Convolutional Neural Network In PyTorch
Convolutional Neural Network is one of the main categories to do image classification and image recognition in neural networks. Scene labeling, objects detections, and face recognition, etc., are some of the areas where convolutional neural networks are widely used.
CNN takes an image as input, which is classified and process under a certain category such as dog, cat, lion, tiger, etc. The computer sees an image as an array of pixels and depends on the resolution of the image. Based on image resolution, it will see as h * w * d, where h= height w= width and d= dimension. For example, An RGB image is 6 * 6 * 3 array of the matrix, and the grayscale image is 4 * 4 * 1 array of the matrix.
In CNN, each input image will pass through a sequence of convolution layers along with pooling, fully connected layers, filters (Also known as kernels). After that, we will apply the Soft-max function to classify an object with probabilistic values 0 and 1.
Convolution Layer
Convolution layer is the first layer to extract features from an input image. By learning image features using a small square of input data, the convolutional layer preserves the relationship between pixels. It is a mathematical operation which takes two inputs such as image matrix and a kernel or filter.
- The dimension of the image matrix is h×w×d.
- The dimension of the filter is fh×fw×d.
- The dimension of the output is (h-fh+1)×(w-fw+1)×1.
Let’s start with consideration a 5*5 image whose pixel values are 0, 1, and filter matrix 3*3 as:
The convolution of 5*5 image matrix multiplies with 3*3 filter matrix is called “Features Map” and show as an output.

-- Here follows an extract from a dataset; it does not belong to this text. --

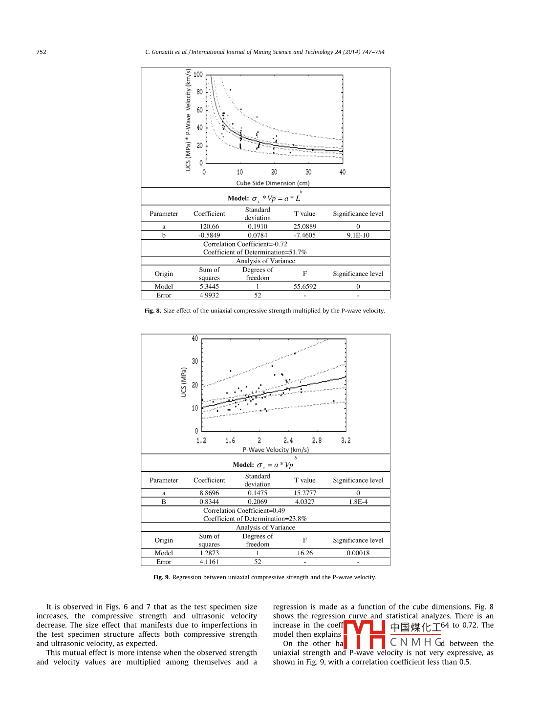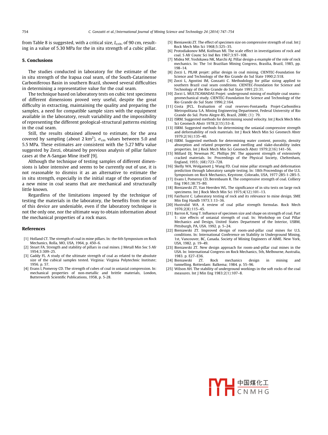 International Journal of Mining Science and Technology 24(2014)74Contents lists available at Science DirectInternational Journal of Mining Science and TechnologyELSEVIERurnalhomepagewww.elsevier.com/locate/ijmstIn situ strength of coal bed based on the size effect study on the uniaxial Qcompressive strengthGonzatti C a, Zorzi L., Agostini I.M. Fiorentini J.A., Viero A.P. Philipp r.P. aartment of Mineralogy and Petrography of the Federal University of Rio Grande do Sul, BrazilFoundation for Science and Technology of Rio Grande do Sul State, BrazilARTICLE INFOA BSTRACTArticle historIn the early 1990s, the Foundation for Science and Technology of Rio grandeState(CIENTEC)Received 18 January 2014developed a pioneering study in Brazil, related to the simultaneous mining of multiple coal seamReceived in revised form 10 March 2014Accepted 22 MayOne of the activities included detailed studies on the geomechanical characterization of materials presentAvailable online 14 November 2014in the Irapua coal seam, under exploitation in the A-Sangao Mine, located near the city of Criciuma-SCthe uniaxial compressive strength of the Irapua coal seam and establish a first approximation for theSize effectin situ strength value of this coal seam, since existing knowledge is solely based on practical miningexperience over the years. Large samples of the coal seam were collected using special techniques toCoal seammaintain the integrity of the material, and a set of 56 uniaxial compression tests in cubic specimens, withside length ranging from 4.5 to 31 cm, were conducted in laboratory. This paper describes the experimentechniques used in the assays, and also presents the uniaxial compression strength results obtaineMoreover, important aspects of this type of study are considered, highlighting the size effect for thecarbonaceous bed and the estimation of in situ strength values for the Irapua coal seam.o 2014 Published by elsevier B V on behalf of China University of Mining TechnologyIntroductionIn summary, the size effect implies higher strength values forsamples tested in laboratory, when compared toAlmost all of the scientific production on what is still consid- This increase in strength is attributed to the lower presence ofred the art of scaling pillars in coal mines, originated in the U.S. surfaces of weakness in the samples used in laboratory tests, sinceand South Africa countries, where underground coal mining, by the small dimensions used do not entirely represent the mass thatthe chamber and pillar method, surpassed 90% of the total amouroriginated them.produced until the early 1990s.In the case of carbonaceous rocks the definition of the charac-Considering the two necessary parameters for the analysis of teristic strength of the coal seam is of paramount importance, sincese safety level of a pillar-strength and load-the first is the one that it is the very rock that composes the support structures(pillars)ofas deserved the most attention from many researchers who have the excavations from where the ore is extracted. In this type ofdedicated themselves to this subject, and the latter for practical rock, this is a complex task, since the size effect seems to be evenpurposes, is basically restricted to the application of tributary area more pronounced that in other materials, due to the formationtheorycharacteristics of the coal, as reflected by the presence of smalPillar resistance, defined by the maximum load supported by to large geological structures, such as cleats, bedding planesunit of area, depends on at least three basic elementsfractures, faults and inclusions of material other than coaDifferent techniques for the estimation the in situ strength ofThe size effectthe coal seam can be used. The technique of laboratory tests withThe shape effect;small samples is among the less costly ones from the economicalne properties of the rock that forms the pillar and the host point of view however, it is limited due to the low representationof the lithological variations and structural characteristics of therock mass. When there is access to the coal seam, using largersamples than theinre ic more desirrable andCorresponding author Tel +55 51 98939643tends to substantia中國(guó)煤化工 of the mechanicalE-mail address: gonzatti@ufrgs. br (C. Gonzatti)CNMHGhttp://dx.doiorg/10.1016/j.ijmst.2014.10.0032095-2686 2014 Published by Elsevier B V on behalf of China University of Mining TechnologyC Gonzatti et al /International Journal of Mining Science and Technology 24(2014)747-754behavior of the rock in order to estimate the in situ resistance with addition to serving as a base for the proposal of a methodologyeasonablefor pillar sizing applied to southern Brazil coal seam conditionshe use of laboratory testing technique, with variablee 9]. Once the technique of laboratory tests was defined as the pathsizes, has been done by many researchers worldwide for over chosen for estimating the in situ strength, the representativity of100 years of research Studies on mineral coal have been conducted the samples regarding a particular rock mass is an important factorsince approximately 1875 [1. Steart, based on laboratory testing in for the application of the results in the sizing of the undergroundsmall samples and underground observations, and Gaddy, structures. Generally, the ideal size(theoretical) runs into theindividually studying several layers of American coal, concluded limited operational capacity of the equipment available forthat the strength behavior is inversely proportional to the size of extraction as well as the performance of the laboratory teststhe sample [2, 3 They suggested the following generic function The following topics show the results from studies conductedto explain this behaviorfor the estimation of the in situ strength of the Irapua coal seamof the a-Sangao Mine, located in the South-Catarinense coalfieldin southern Brazil, during the development of MULTICAMADASproject [10 The work perfor

Convolution of an image with different filters can perform an operation such as blur, sharpen, and edge detection by applying filters.
Strides
Stride is the number of pixels which are shift over the input matrix. When the stride is equaled to 1, then we move the filters to 1 pixel at a time and similarly, if the stride is equaled to 2, then we move the filters to 2 pixels at a time. The following figure shows that the convolution would work with a stride of 2.
Padding
Padding plays a crucial role in building the convolutional neural network. If the image will get shrink and if we will take a neural network with 100’s of layers on it, it will give us a small image after filtered in the end.

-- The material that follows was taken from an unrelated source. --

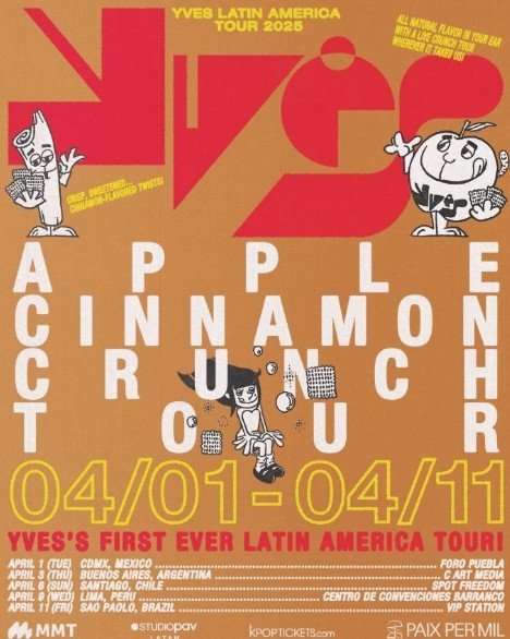 Yves ex integrante del grupo de K-Pop LOONA, anunció la pata Latinoamericana de su "Apple Cinnamon Crunch Tour" y, para la alegría de los fans, Argentina está incluída.

If we take a three by three filter on top of a grayscale image and do the convolving then what will happen?
It is clear from the above picture that the pixel in the corner will only get covers one time, but the middle pixel will get covered more than once. It means that we have more information on that middle pixel, so there are two downsides:
- Shrinking outputs
- Losing information on the corner of the image.
To overcome this, we have introduced padding to an image. “Padding is an additional layer which can add to the border of an image.”
Pooling Layer
Pooling layer plays an important role in pre-processing of an image. Pooling layer reduces the number of parameters when the images are too large. Pooling is “downscaling” of the image obtained from the previous layers. It can be compared to shrinking an image to reduce its pixel density. Spatial pooling is also called downsampling or subsampling, which reduces the dimensionality of each map but retains the important information. There are the following types of spatial pooling:
Max Pooling
Max pooling is a sample-based discretization process. Its main objective is to downscale an input representation, reducing its dimensionality and allowing for the assumption to be made about features contained in the sub-region binned.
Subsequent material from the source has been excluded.